New Jersey Supreme Court

Decided: July 10, 1970.


For affirmance: Chief Justice Weintraub and Justices Jacobs, Proctor and Schettino. For reversal: Justices Francis, Hall and Haneman. The opinion of the Court was delivered by Proctor, J. Francis, J. (dissenting). Justices Haneman and Hall join in this dissent.


[56 NJ Page 501] This appeal involves the question of intrafamily tort immunity. On October 16, 1967, an automobile owned and operated by the plaintiff, Carroll E. France, Jr. and a tractor-trailer, owned by the defendant, A.P.A. Transport Corp., and operated by its employee William N. Wilson, were involved in a collision. Plaintiff's wife, who was killed

[56 NJ Page 502]

in the accident, was a passenger along with the couple's two unemancipated children. Two actions were brought. In the first, Carroll E. France, Jr. and his two children by their father as guardian ad litem sued the defendants for personal injuries and property damage. In the second action, Carroll E. France, Jr., as the administrator of the estate of his wife (she having died intestate) and as administrator ad prosequendum sued the defendants under the the Executors and Administrators Act (N.J.S.A. 2A:15-3) and the Wrongful Death Act (N.J.S.A. 2A:31-1 et seq.).
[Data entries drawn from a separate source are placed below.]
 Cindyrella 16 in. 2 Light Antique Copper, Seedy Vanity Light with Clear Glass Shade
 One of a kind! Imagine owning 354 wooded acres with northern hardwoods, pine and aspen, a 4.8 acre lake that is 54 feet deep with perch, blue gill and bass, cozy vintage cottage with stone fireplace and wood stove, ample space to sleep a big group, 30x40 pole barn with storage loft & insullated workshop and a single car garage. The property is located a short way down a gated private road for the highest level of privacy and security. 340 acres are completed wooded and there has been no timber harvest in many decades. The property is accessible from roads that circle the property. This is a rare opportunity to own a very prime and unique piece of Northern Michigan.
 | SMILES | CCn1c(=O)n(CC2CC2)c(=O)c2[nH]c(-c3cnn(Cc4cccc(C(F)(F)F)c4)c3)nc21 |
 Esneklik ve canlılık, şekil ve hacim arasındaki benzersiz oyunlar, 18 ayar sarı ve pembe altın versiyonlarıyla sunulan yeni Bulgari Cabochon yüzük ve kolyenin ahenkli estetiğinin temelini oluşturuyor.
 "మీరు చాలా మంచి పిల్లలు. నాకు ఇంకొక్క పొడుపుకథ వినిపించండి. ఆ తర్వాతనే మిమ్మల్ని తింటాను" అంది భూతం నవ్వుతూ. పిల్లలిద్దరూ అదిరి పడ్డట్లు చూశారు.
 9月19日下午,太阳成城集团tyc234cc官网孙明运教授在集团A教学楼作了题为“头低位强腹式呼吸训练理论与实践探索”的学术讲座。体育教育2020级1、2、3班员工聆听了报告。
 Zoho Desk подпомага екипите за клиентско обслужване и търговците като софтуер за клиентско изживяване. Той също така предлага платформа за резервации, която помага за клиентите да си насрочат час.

The action for wrongful death was for the benefit of the husband and the two surviving children. The defendants counterclaimed for contribution against the plaintiff, individually, for all sums found due to the estate of his wife under the survival and death action. The plaintiff moved for summary judgment on the claim for contribution contending that it was barred by the doctrine of intra-family immunity. The trial court denied the motion and the Appellate Division denied leave to appeal. We granted plaintiff leave to appeal from the Appellate Division's denial.
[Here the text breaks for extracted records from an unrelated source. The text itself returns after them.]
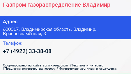 Газпром газораспределение Владимир по адресу 600017, Владимирская область, Владимир, Краснознамённая, 3 в дальнейшем Организация, размещена в следующих категориях:
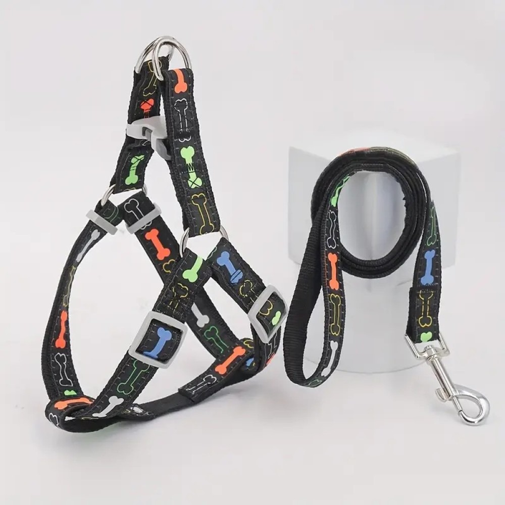 Állítható csont mintájú kutyahám és póráz szett,több színben – L – Fekete
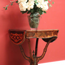 Description There are light and dark shades of walnut inlay into the top and apron, gilt brass mounts to the birdcage pedestal, and feet. There is a single drawer to the apron and pressed brass trim to the table top and drawer. The table extends with two drop leaves to the sides.
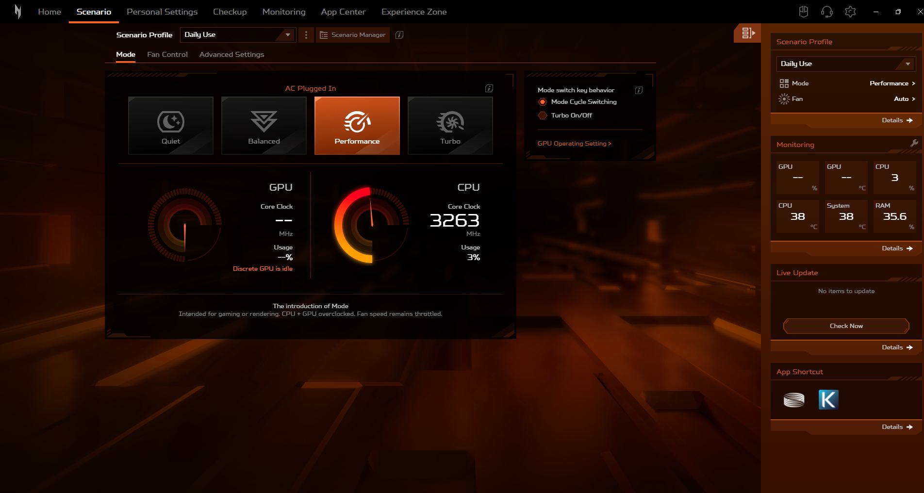 En modo de suspensión, sin embargo, el consumo de energía es demasiado elevado, de 8 W, debido a los ventiladores que giran periódicamente. Cuando se utiliza un monitor externo a través de HDMI, la GPU dedicada permanece activa
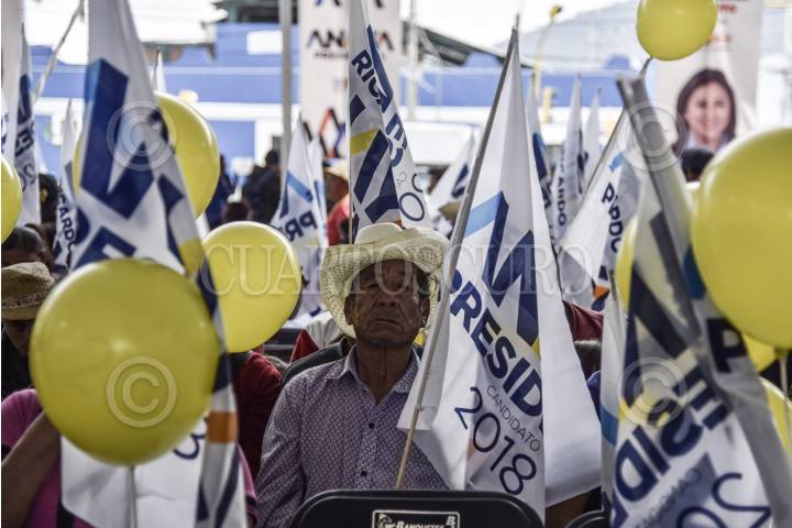 AMOZOC, PUEBLA, 05ABRIL2018.- Simpatizantes del candidato a la presidencia, Ricardo Anaya, se reunieron en la explanada principal de Amozoc, para escuchar las propuestas de campaña del candidato panista. FOTO: MARIO JASSO /CUARTOSCURO.COM

The present suit involves the validity of both interspousal and parent-child tort immunity. Because of our decision in Immer v. Risko, 56 N.J. 482 (1970), decided today, it is unnecessary to discuss interspousal immunity further. If there were no minor children involved in this case, defendants would be entitled, under Immer, to assert their counterclaim for contribution against the plaintiff under the Joint Tortfeasors Contribution Law. N.J.S.A. 2A:53A-1 et seq. Cf. Kennedy v. Camp, 14 N.J. 390, 395 (1954). But, under Heyman v. Gordon, 40 N.J. 52 (1963), defendants' claim would still be barred by the doctrine of parent-child immunity.*fn1

[56 NJ Page 503]

The doctrine of parent-child immunity was first articulated in 1891 by the Mississippi Supreme Court in Hewlett v. George, 68 Miss. 703, 9 So. 885. There the court refused to allow a child to maintain a false imprisonment action against her mother for maliciously confining her in an insane asylum. The court cited no authority but based its decision on the grounds that the peace of society and repose of families forbid a minor child to sue his parent for personal injuries. Hewlett was followed by McKelvey v. McKelvey, 111 Tenn. 388, 77 S.W. 664 (1903) and by Roller v. Roller, 37 Wash. 242, 79 P. 788 (1905). In the Tennessee case, the court denied the minor the right to sue her parents for cruel and inhuman treatment, and in the Washington case, the court refused to entertain a suit by a minor against her father who had raped her.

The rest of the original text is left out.